| TASK BRIEF |
Write out the lines of the material below exactly, beginning at the line with "Download or print" and stopping after the line with "Frigidaire Cooktop Parts", and leave out the pictures.

| RECORD EXCERPTS |
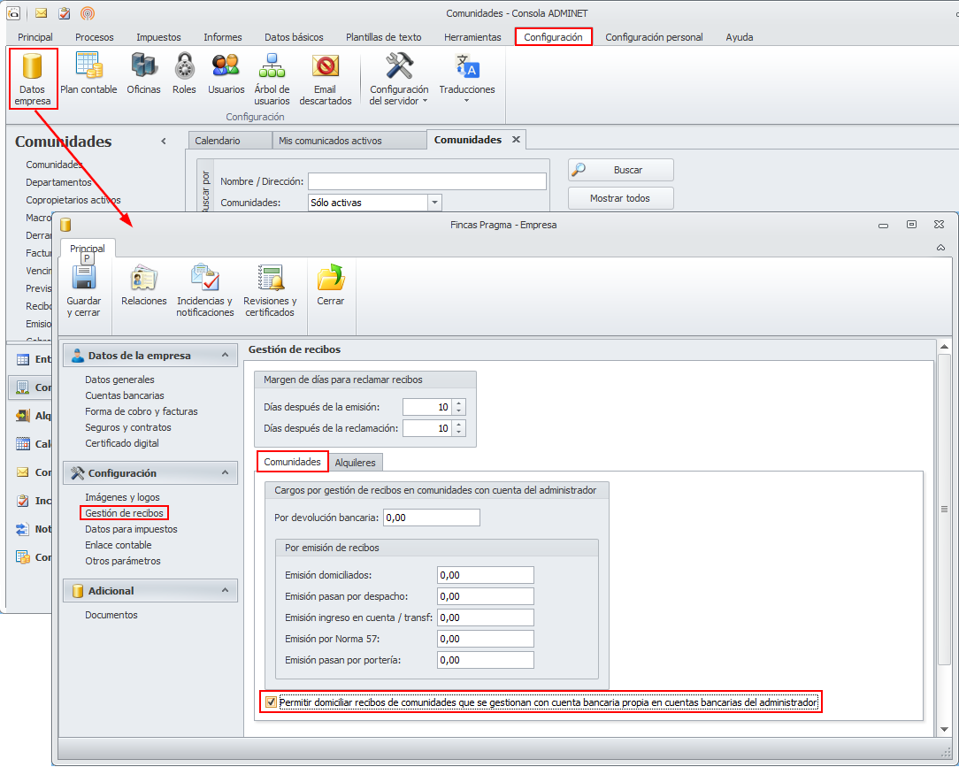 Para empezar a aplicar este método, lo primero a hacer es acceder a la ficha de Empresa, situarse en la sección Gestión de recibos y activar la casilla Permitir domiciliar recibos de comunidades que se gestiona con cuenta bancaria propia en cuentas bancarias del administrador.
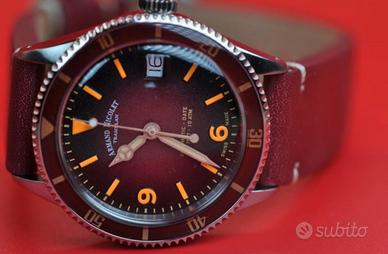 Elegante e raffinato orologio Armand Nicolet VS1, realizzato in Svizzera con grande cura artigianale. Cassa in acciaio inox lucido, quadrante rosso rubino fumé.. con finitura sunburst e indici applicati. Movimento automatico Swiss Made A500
==
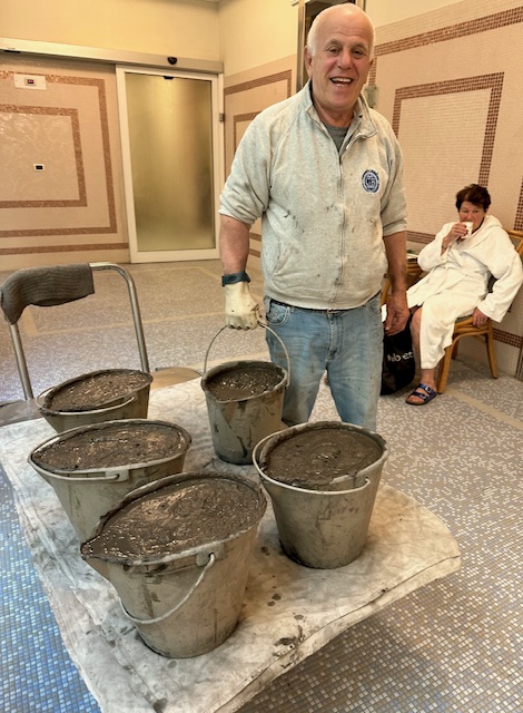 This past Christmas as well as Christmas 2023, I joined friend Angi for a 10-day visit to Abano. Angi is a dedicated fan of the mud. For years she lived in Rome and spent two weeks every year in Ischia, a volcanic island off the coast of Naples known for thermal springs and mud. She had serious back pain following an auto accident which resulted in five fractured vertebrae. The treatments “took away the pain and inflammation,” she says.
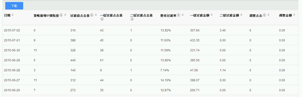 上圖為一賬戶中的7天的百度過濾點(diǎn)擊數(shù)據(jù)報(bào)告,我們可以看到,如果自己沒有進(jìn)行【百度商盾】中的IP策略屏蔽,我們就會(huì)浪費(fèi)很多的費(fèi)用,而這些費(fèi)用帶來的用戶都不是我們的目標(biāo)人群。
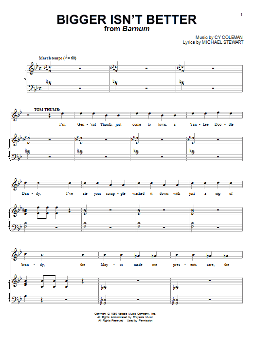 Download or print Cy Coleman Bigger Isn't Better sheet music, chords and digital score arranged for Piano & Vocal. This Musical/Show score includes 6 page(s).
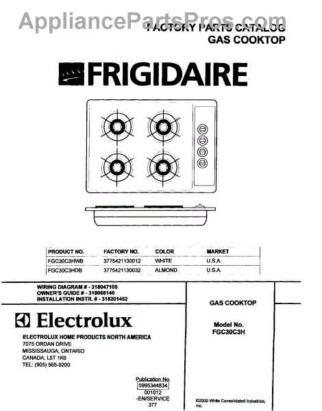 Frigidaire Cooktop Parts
--
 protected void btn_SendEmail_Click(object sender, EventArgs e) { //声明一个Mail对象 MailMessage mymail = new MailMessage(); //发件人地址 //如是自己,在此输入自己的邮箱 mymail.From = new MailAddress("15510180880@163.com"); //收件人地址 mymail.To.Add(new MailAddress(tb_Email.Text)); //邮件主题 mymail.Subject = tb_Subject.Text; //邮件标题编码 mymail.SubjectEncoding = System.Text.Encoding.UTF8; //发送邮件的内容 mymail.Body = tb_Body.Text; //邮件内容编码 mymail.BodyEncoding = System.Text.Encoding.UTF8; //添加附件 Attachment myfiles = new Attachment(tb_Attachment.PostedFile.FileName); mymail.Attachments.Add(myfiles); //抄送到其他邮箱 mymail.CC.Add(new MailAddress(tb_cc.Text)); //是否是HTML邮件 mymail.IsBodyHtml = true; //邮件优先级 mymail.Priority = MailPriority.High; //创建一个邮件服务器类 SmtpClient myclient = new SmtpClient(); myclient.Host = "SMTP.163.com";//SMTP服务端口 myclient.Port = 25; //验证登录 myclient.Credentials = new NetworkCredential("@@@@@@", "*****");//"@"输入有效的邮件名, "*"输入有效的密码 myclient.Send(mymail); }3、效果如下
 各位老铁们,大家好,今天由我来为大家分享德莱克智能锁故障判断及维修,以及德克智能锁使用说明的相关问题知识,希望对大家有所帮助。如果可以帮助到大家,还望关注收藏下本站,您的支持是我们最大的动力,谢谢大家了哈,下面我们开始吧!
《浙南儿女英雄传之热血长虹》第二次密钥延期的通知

| SOLUTION |
 Download or print Cy Coleman Bigger Isn't Better sheet music, chords and digital score arranged for Piano & Vocal. This Musical/Show score includes 6 page(s).
 Frigidaire Cooktop Parts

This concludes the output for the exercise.